# What test momo for big Drum?



## Scrapple (Mar 10, 2007)

What pound test mono should I use for big Drum from the pier. I'm going to go for them in two weeks and need to get set-up.

Scapple


----------



## Garboman (Jul 22, 2010)

Scrapple said:


> What pound test mono should I use for big Drum from the pier. I'm going to go for them in two weeks and need to get set-up.
> 
> Scapple
> 
> View attachment 10154


Which one of these girls are you Scrapple?
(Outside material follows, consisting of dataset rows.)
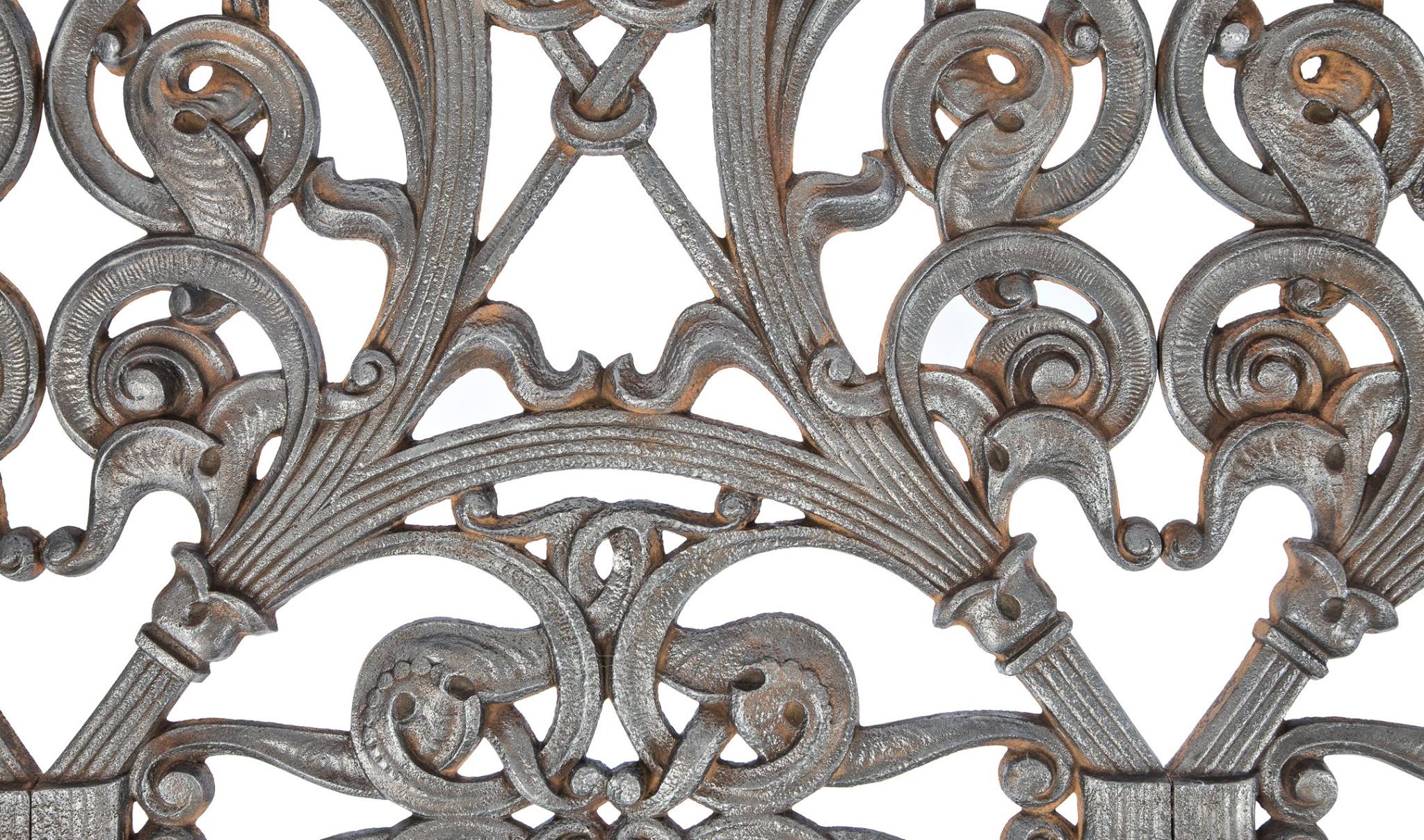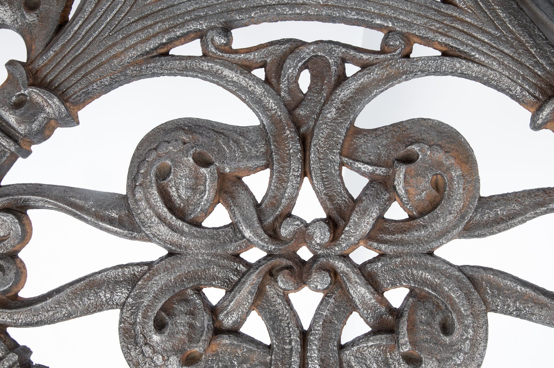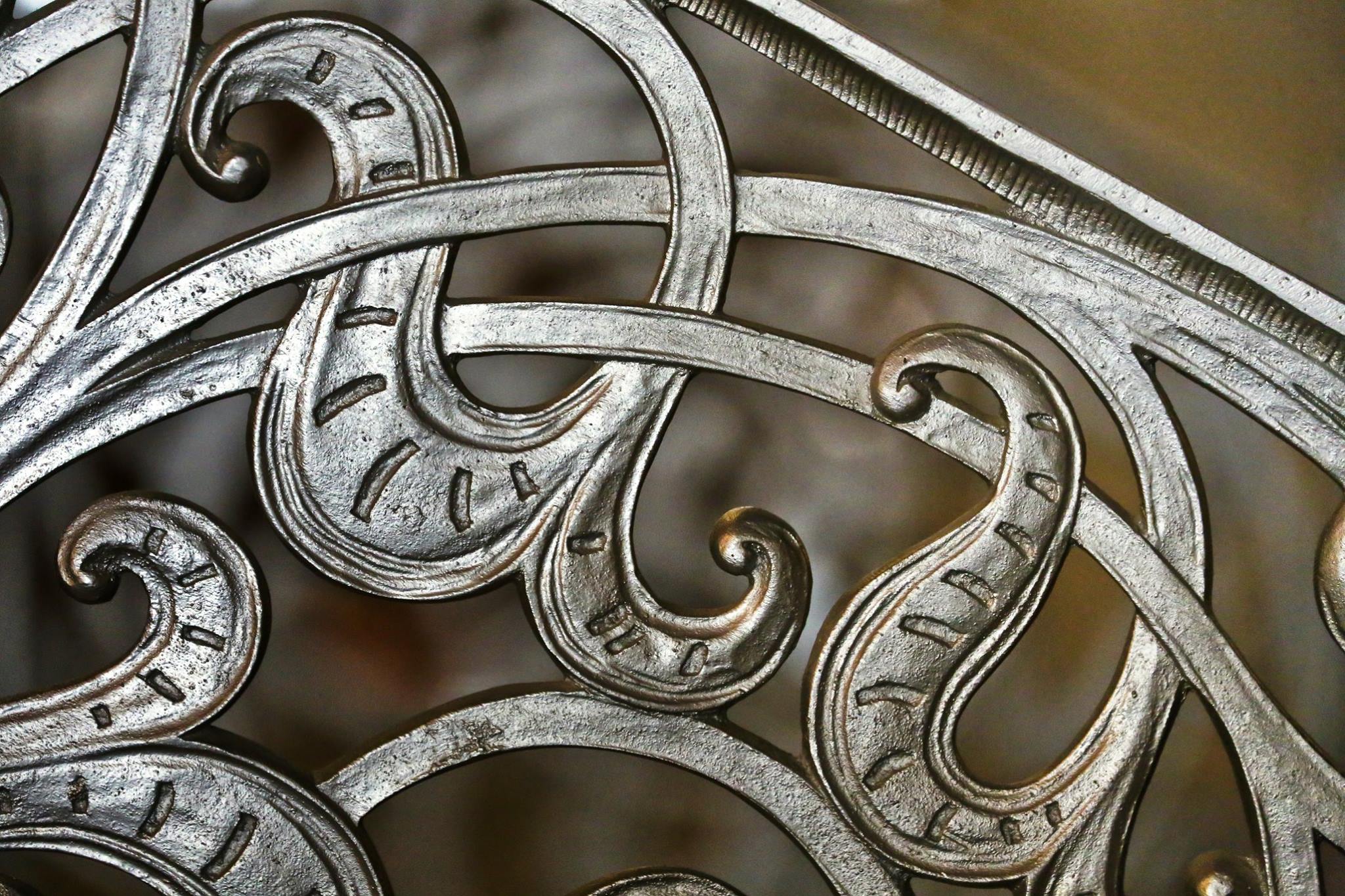 chicago-based winslow brothers executed the board of trade’s ornamental iron work – including the oversized panel (it measures ten feet in length by three feet in height). the bower-barff finish wore off long ago – with the weathered panel exhibiting allover rust and light pitting, restoration work will be necessary.
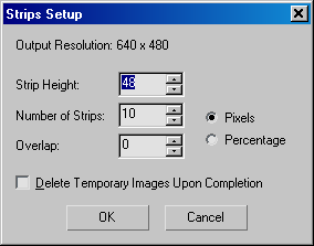 The Strips Setup dialog appears. The dialog displays the output resolution, and lets you determine how to split up the rendering job by specifying the number of horizontal strips into which the image will be subdivided.
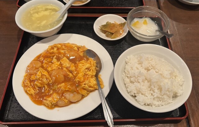 今回はたまご入りエビチリソース煮を注文。
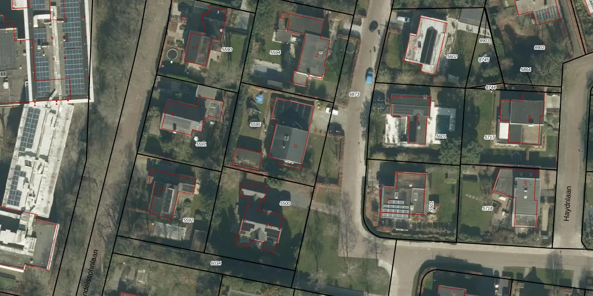 Gebruik de zoekbalk of klik op een perceel voor informatie over de adressen binnen dit perceel.
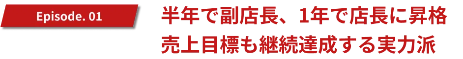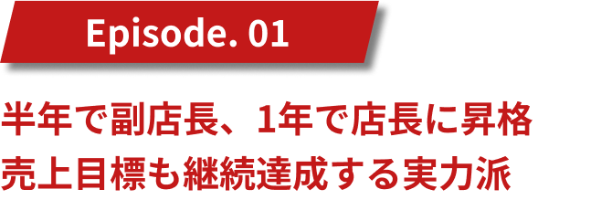 「仕事に真面目で、入社当初は予習復習を怠らず、すぐ欠かせない戦力になってくれました。新しいことにも積極的に挑戦する姿勢が素晴らしい。職場の雰囲気を明るくしてくれるムードメーカでもあります。今後は、さらに活躍の場を広げて、是非とも店長として活躍してくれることを期待しています。」
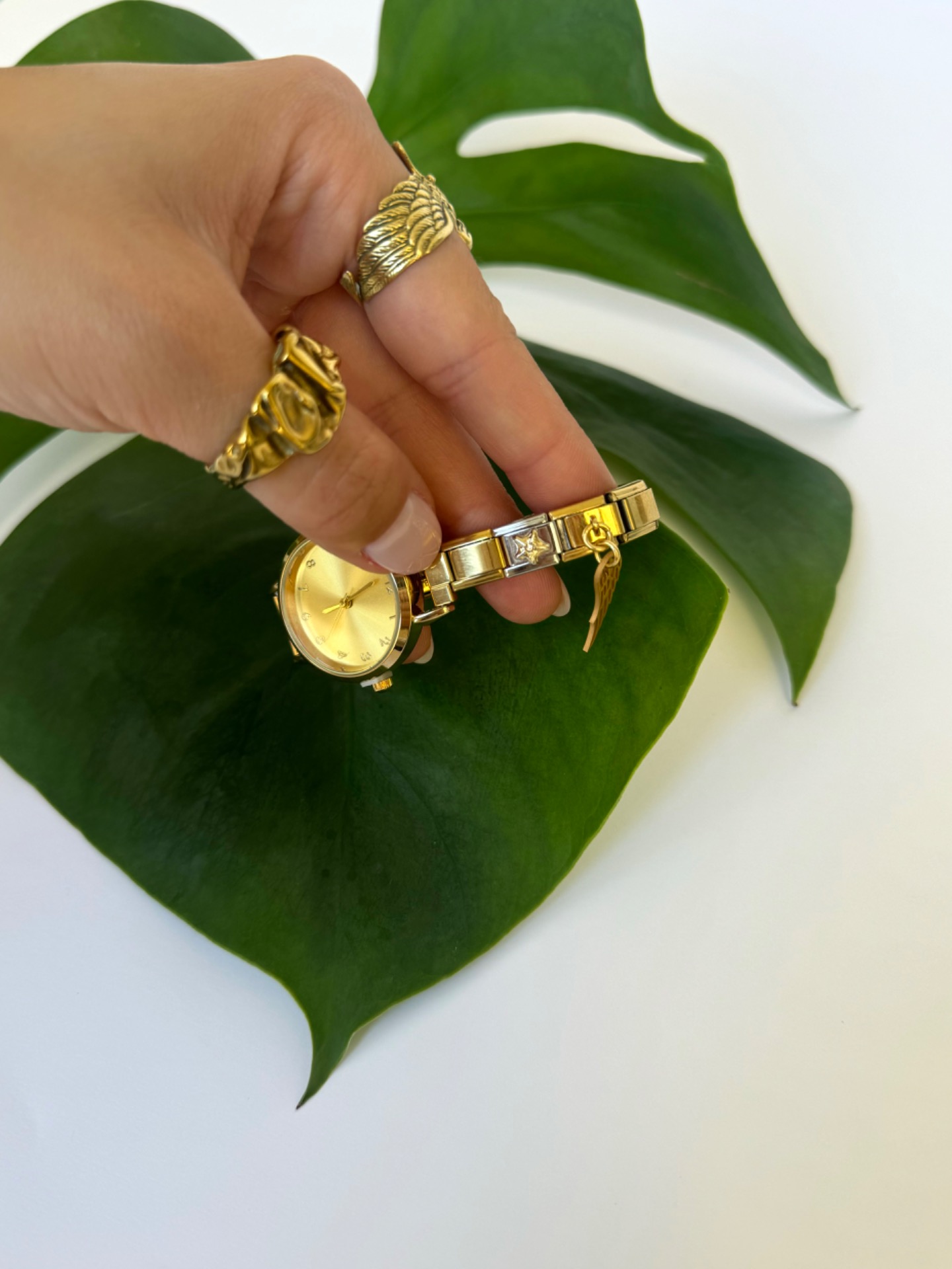 • Safira Watch with 18 links• Wings pendant • Esmeralda azul Zcharm • Guiding star charm
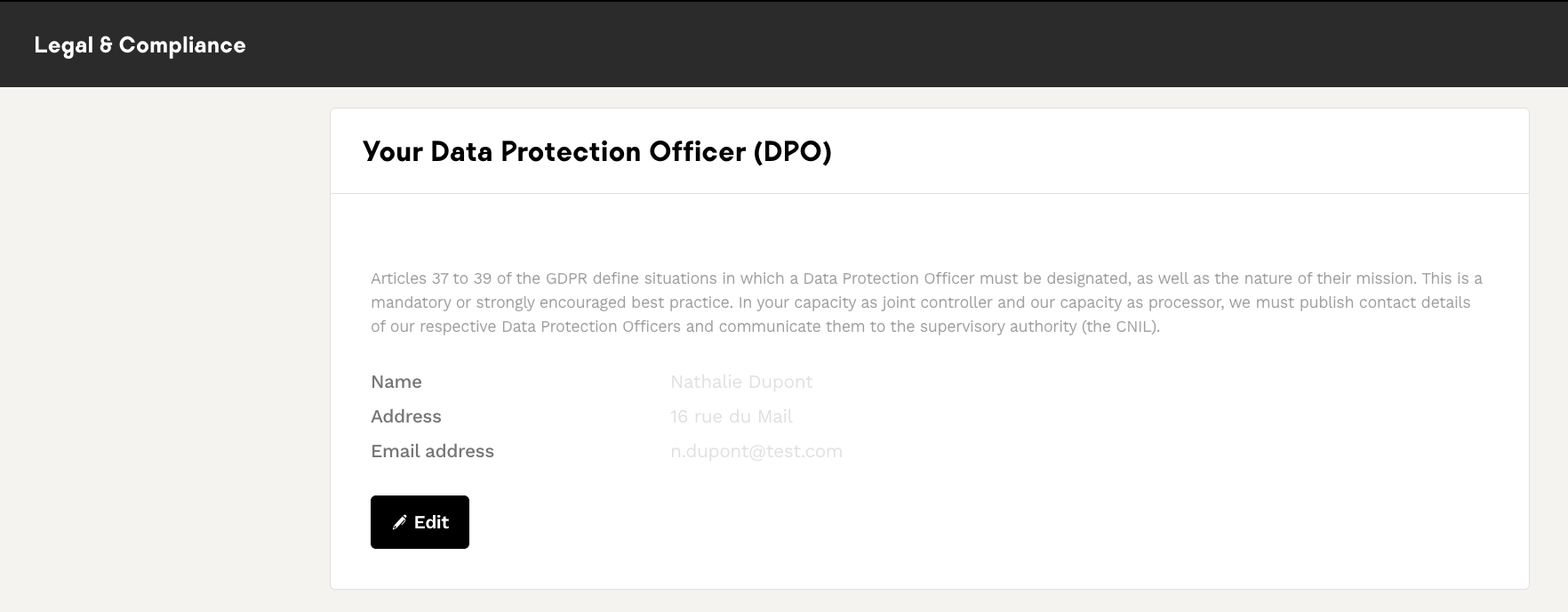 - Click "Edit" in the "Your Data Protection Officer (DPO)" section
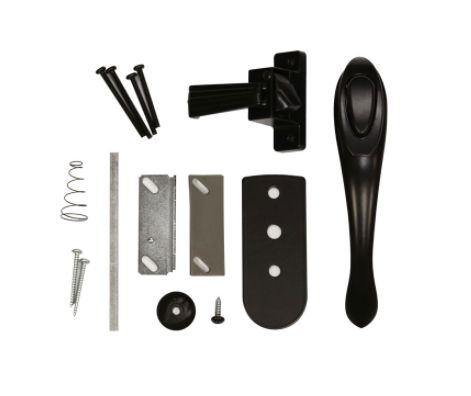 Hardware kit includes necessary parts to add or replace a push button handle. Package contains outside push button handle and inside paddle with night lock. Fits 1 in thick doors.
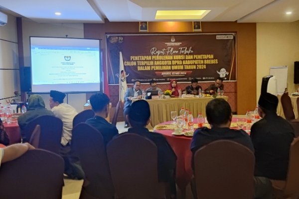 PanturaNews (Brebes) - KPU Kabupaten Brebes menetapkan Caleg DPRD Brebes terpilih hasil Pemilu 2024. Penetapan caleg terpilih sesuai hasil rapat pleno terbuka terkait perolehan kursi dan penetapan calon terpilih anggota DPRD Brebes hasil Pemilu 2024, Kamis 2 Mei 2024 malam.
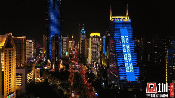 燈光,是營造夜間魅力最重要的一環。羅湖區通過對深南東路景觀照明、“金三角”金融商業核心區燈光夜景、羅湖口岸樓宇景觀照明進行提升,打造出具有羅湖地域性和標志性的特色燈光夜景,突顯“萬象羅湖”的夜間形象。
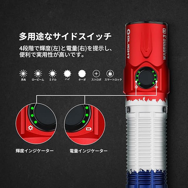 商品仕様 : 最大出力:2300ルーメン 最大射程:300m 最大ランタイム:55日間 色温度:6500K 重さ:255g(電池含め) 電源:充電池 防水レベル:IPX8 落下試験:1.5m 特徴 : 高性能なLEDを搭載し、2300ルーメンまでの高輝度を備え、500メートルのホワイトビームを 出力します。防災、作業、旅行など幅広く対応できま す。専用の大容量バッテリ―を搭載し、200ルーメンの場合、最長13時間の連続使用 が可能です。充電ケーブルが付属しており、最大2Aの充電電流に対応できます。インジケ ーターランプも付き、赤(充電中)と緑(充電済み)を点灯して提示します。サイドスイッチに電量(右)と輝度 (左)のインジケーターが付き、それぞれ4段階を持ち、使い場所やニーズに合わせて輝度を好き勝手に設定で きます。 また、Warrior 3SはIPX8の防水レベルに達し、水面下2メートルにおいても壊れず、丈夫で、衝撃に強く、キャンプ、釣り、登山などのアウトドア活動に適用します。記憶センサーが内蔵され、メモリー機能が付いて おります。OFFしてから再び点灯すれば元の点灯モードに戻ります。 また、ターボ、ストロボ、ハイビーム、ロービー ム、通常点灯、月光などを含めて7種類の点灯モードを備え、様々な使用環境に応じて自由に変更できます 。誤作動防止するキーロックモードが付いており、省エネながら誤作動よるバッグの中に点灯されて過熱の危険から身の安全や貴重品をも守ってくれます。サイドスイッチとテールスイッチで操作可能で、片手で輝度変更や 間欠点灯を切り替えることができ、利便性が高いです
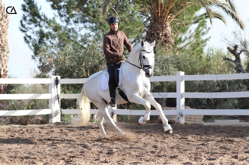 Rufo de Martet es un joven caballo con muy buena conformación y tres buenos aires. Su carácter es muy dócil, amigable y confiado con las personas, haciendo que su manejo sea sencillo. Actualmente, tiene una buena base de doma, acorde a su edad, y es perfecto para paseos, muy tranquilo y fiable. Su genética es muy interesante, es hijo de Lucius de Martet, un espectacular semental de gran raza y belleza, que además compite en doma en nivel San Jorge. Rufo es nieto por parte de padre de Armas Felino (Semental Calificado), quien viene por Lagar (Semental Calificado) ambos de Yeguada Plaza de Armas. Su madre es Jala de Martet, por Manijero IX (Joven Reproductor Recomendado y Semental Calificado), es una yegua con una genética clásica del PRE, con línea Bohorquez y Miura. Rufo puede ser un bonito proyecto de futuro, tanto para competición como para disfrutar en familia.
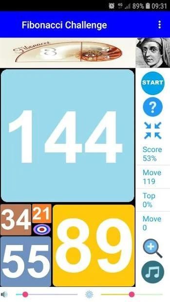 The objective of the game is to construct 7 successive Fibonacci square tiling by colliding consecutives Fibonacci square numbers (F1=1, F2=1, F3=2, F4=3, F5=5, F6=8, F7=13, F8=21, F9=34, F10=55, F11=89, F12=144). Each Square tiling is formed by 5 of consecutive Fibonacci squares plus an origin to design previous Fibonacci numbers. The 7 successive Fibonacci square tiling allow to progress in the Fibonacci sequence until the Fibonacci number 144.
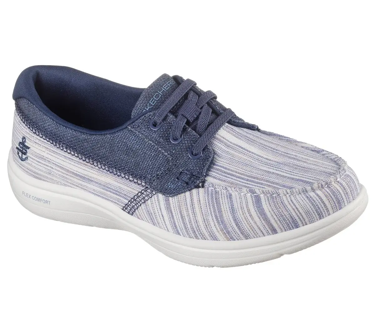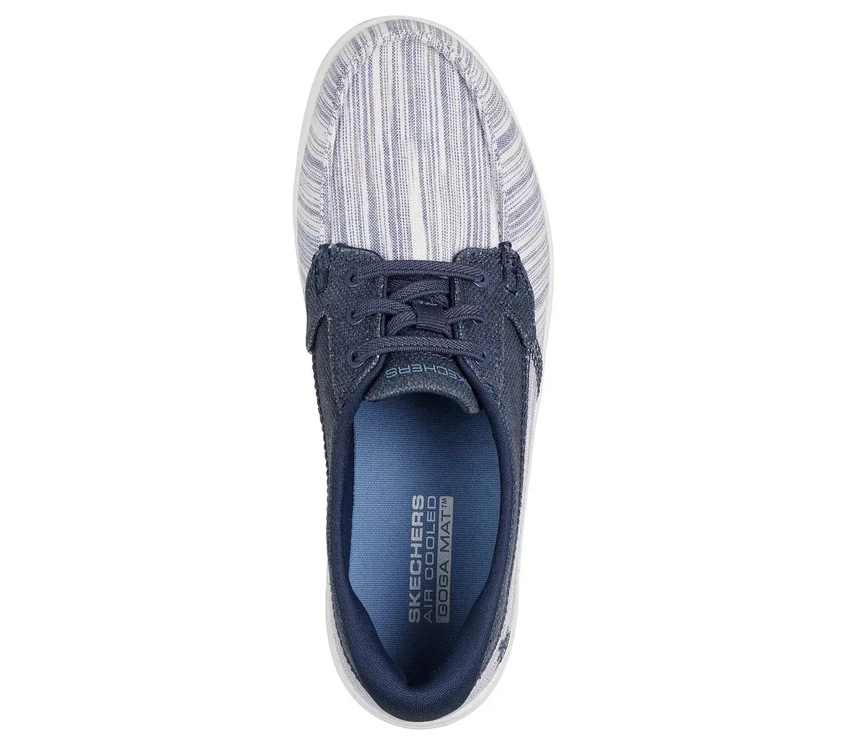 Get on board with the stylish comfort of Skechers On-the-GO® Flex Radiant – Malia. This casual vegan boat style features a metallic canvas upper with fixed stretch laces, high-rebound Skechers Air-Cooled Goga Mat™ insole, and lightweight ULTRA GO® cushioning.
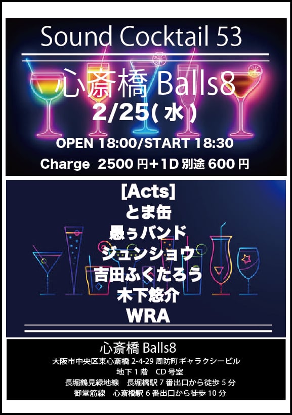 18:00 open 〜 18:30 start 予約 \4,500 / 当日 \5,000(ともに+1drink)
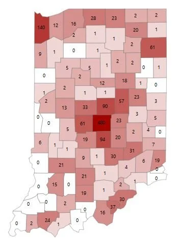 Marion County had the most new cases, at 107. Other counties with more than 10 new cases were Allen (38), Bartholomew (12), Clark (18), Delaware (20), Dubois (46), Elkhart (19), Hamilton (14), Howard (10), Johnson (10), Lake (43), Porter (11), Shelby (10), St. Joseph (14) and Vanderburgh (13). A complete list of cases by county is posted at www.coronavirus.in.gov, which is updated daily at noon. Cases are listed by county of residence.
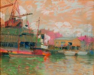 Early Morning On The Charles River And Figure Sketch/a Double-sided Work
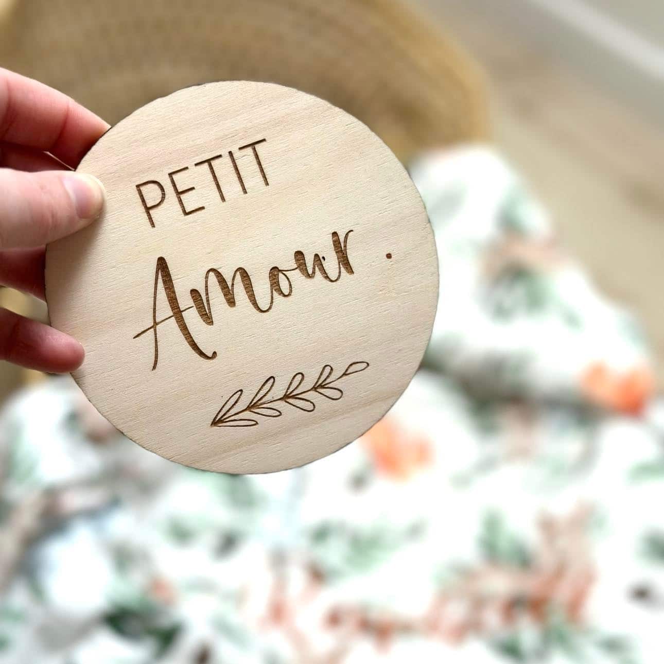 Une carte en bois gravé « Petit amour » sur le recto et personnalisable en vinyle sur le verso.
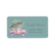 Pink truck and pine tree on green background. An elegant and sophisticated design. Customise with your name and address details.

If you are the third from the left You can use one of my Drum Rods

I usually have 20 pound test and 50 pound shock and 100 pound bite leader


----------



## AbuMike (Sep 3, 2007)

Garboman said:


> Which one of these girls are you Scrapple?
> 
> If you are the third from the left You can use one of my Drum Rods
> 
> I usually have 20 pound test and 50 pound shock and 100 pound bite leader


yep, what he said....


----------



## cooper138 (Aug 8, 2012)

I lived in delray and don't believe I've met her.


----------



## NC KingFisher (Nov 20, 2011)

They can use any of my rods! And I run 20-30 for the SENC stuff, mostly 20 to 50lb shock


----------



## drumchaser (Jan 14, 2003)

Got a rod loaded with 20 pounds waiting on any of em.


----------



## Drumdum (Jan 6, 2003)

You can go as low as 17 with the new copolymers .. 50 to 60 shock,and you should be good to go.. When you cast,make sure you clear other anglers out beforehand,look where you landed and place your rod in between the two rods that it belongs so that it is not crossed.. Not saying you are a newbee but those are the biggest mistakes someone new to a pier will make....


----------



## ncsharkman (Mar 12, 2011)

If that Gal from Delray is a drum fisherman then I'm selling my shark gear and going drum fishing! Hell, all the sharkers look like "Spike" or Arizona Fred....................


----------



## rabbitdog2 (Aug 20, 2011)

Get your mind out of the gutter guys and back to fishing. LOL


----------



## drumrun (Dec 5, 2007)

I run 17# with 60# shock leader.


----------



## NC KingFisher (Nov 20, 2011)

ncsharkman said:


> If that Gal from Delray is a drum fisherman then I'm selling my shark gear and going drum fishing! Hell, all the sharkers look like "Spike" or Arizona Fred....................


Amen


----------



## Scrapple (Mar 10, 2007)

Thanx for the tips guys they will be useful. As for the gals, sadly none of the wanted to be my fishing assistant. I did see this Cobia swimming under the pier...what catches them?
Scrapple


----------



## gilly21 (Feb 15, 2006)

Scrapple said:


> Thanx for the tips guys they will be useful. As for the gals, sadly none of the wanted to be my fishing assistant. I did see this Cobia swimming under the pier...what catches them?
> Scrapple
> 
> View attachment 10179


Big worms


----------



## Hooked Up (Feb 6, 2009)

drop some livermush over the rail..........her crack will catch it


----------



## BubbaHoTep (May 26, 2008)

Aw, man, the rollback took away Garbo's post.


----------



## NC KingFisher (Nov 20, 2011)

I know. Kinda depressing


----------



## Garboman (Jul 22, 2010)

Scrapple said:


> Thanx for the tips guys they will be useful. As for the gals, sadly none of the wanted to be my fishing assistant. I did see this Cobia swimming under the pier...what catches them?
> Scrapple
> 
> View attachment 10179



Jerk Jigger


----------



## BubbaHoTep (May 26, 2008)

Great stuff, Garbo. I love it.

Deja Vu


----------



## NC KingFisher (Nov 20, 2011)

I just realized, he wanted the test for momo not mono


----------



## ez2cdave (Oct 13, 2008)

Scrapple said:


> I did see this Cobia swimming under the pier...what catches them?
> Scrapple
> 
> View attachment 10179


A large supply of "green presidents" . . .


----------